I wrote the following article in September 2016 which was published in the Alaska Journal of Commerce. It is worth reprinting here because of its increasing relevance today as our housing stock continues to age. In my experience, home inspectors are over-reaching beyond health and safety issues. Home inspections are full of ‘recommendations’ that are not related to health and safety. The more items identified on a home inspection report, the more work is created for general contractors or handymen, many of which are the same as home inspectors. But, not all the fault lies with the inspectors. Much of it is also the fault of my own industry.

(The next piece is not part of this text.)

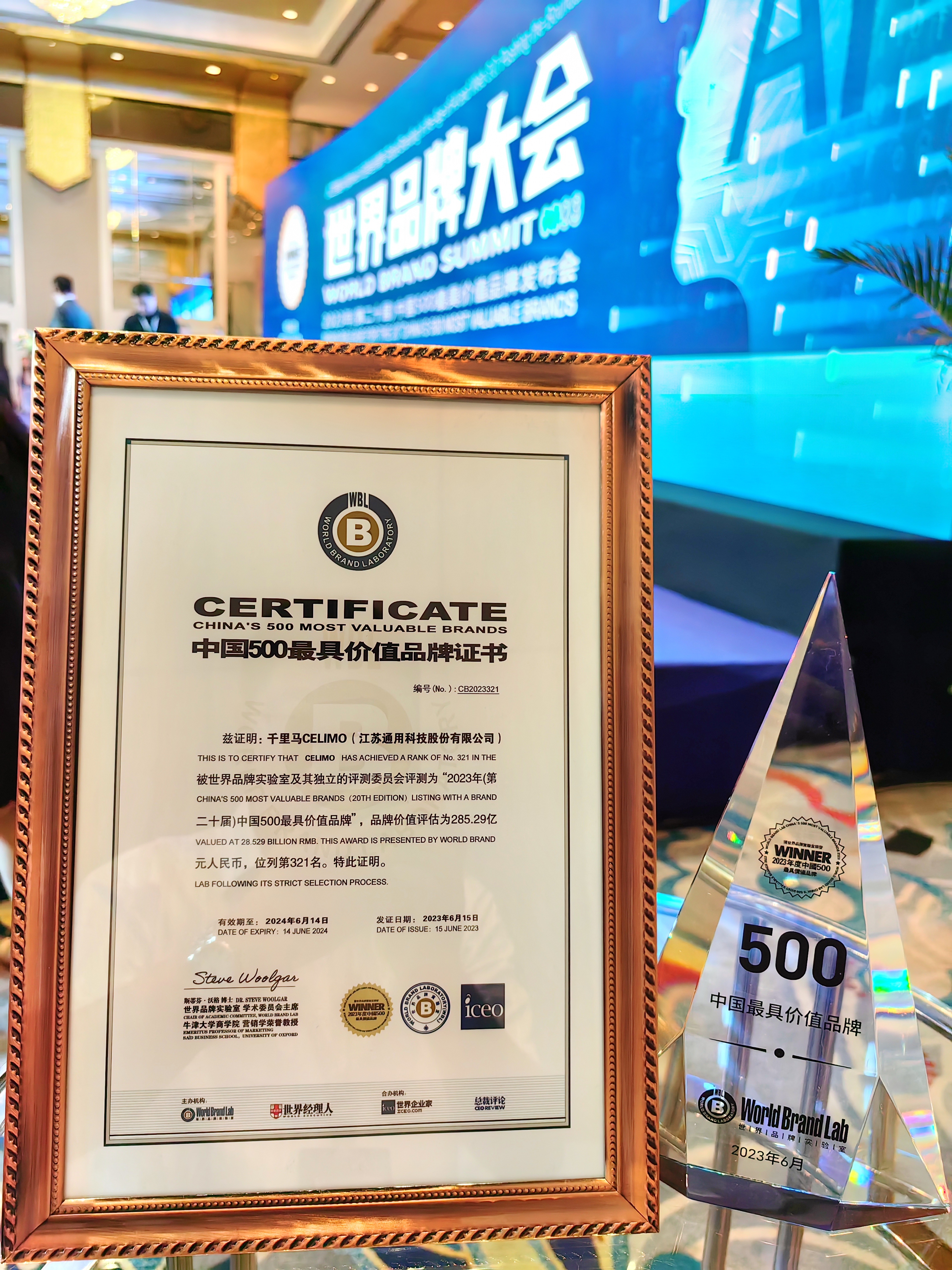 6月15日,由世界品牌實驗室主辦的第二十屆“世界品牌大會”暨2023年中國500最具價值品牌發(fā)布會在北京成功舉行。通用股份旗下千里馬品牌以285.29億元的品牌價值評估再次成功上榜,位列第321位,品牌價值與影響力進一步提升。

As realtors, we need to dampen the expectation buyers have when purchasing a home that is 20 to 30 years old and counsel them as to what is truly health and safety items. So, here’s the article.
Selling a home is a four step negotiating process. Step one is deciding the asking price in consultation with your realtor. Step two is negotiating the price and terms of any offer that you receive. Step three is negotiating the recommended list of repair items from a home inspection report. Step four is any change in the final sales price as a result of the appraisal coming in less than the agreed upon sales price.
Step three is the sticky part where the buyer, seller and realtors often disagree with what needs to be done as a result of the home inspector’s recommendations. This is a growing issue in our local industry due to Anchorage’s aging housing stock. Buyers want everything fixed or replaced that is identified in the report, often times requesting beyond the health and safety items to include cosmetic and maintenance items. Sellers, on the other hand, see no need for most if any of the items called out on the report because they have lived comfortably in the home during their ownership.
Thus, the home inspector report becomes almost the defining negotiating document in any transaction and becomes as important as a buyer’s credit score or an appraiser’s value. So who are these home inspectors and what are their qualifications? There are seventy-two licensed home inspectors in the state of Alaska. Twenty-two are in Anchorage. Home inspectors must pass significant national exams in order to become licensed in Alaska. They are also required to be bonded and insured by the state of Alaska, according to the Statute and Regulations for Home Inspectors published in January 2015. So what does the license allow them to do? It allows them to do a ’visual’ inspection of an existing or new residence of the heating and air-conditioning systems; plumbing and electrical system; built-in appliances such as stove, hood, dishwashers; roof, attic and visual insulation; walls, ceilings, doors, windows and floors; foundation and basement; visible exterior and interior structures; drainage to and from the residence; and other systems and components as specified by the department of commerce. They must physically inspect the property and write a written report. The statute does not authorize them to address general maintenance issues, lawn care, stained or frayed carpet or any other interior/exterior cosmetic items and should not be noted in the report. That responsibility falls to the appraiser to address the general condition of a home.
It is in everyone’s best interest to sell a home with all health and safety issues clearly identified and repaired prior to closing. Home inspectors should be careful, however, not to extend their comments to items of general maintenance or address items of cosmetic discretion or preference. And first time home buyers need to remember that they might very well be purchasing a home that is older than they are and may need to lower their expectations for a like new home.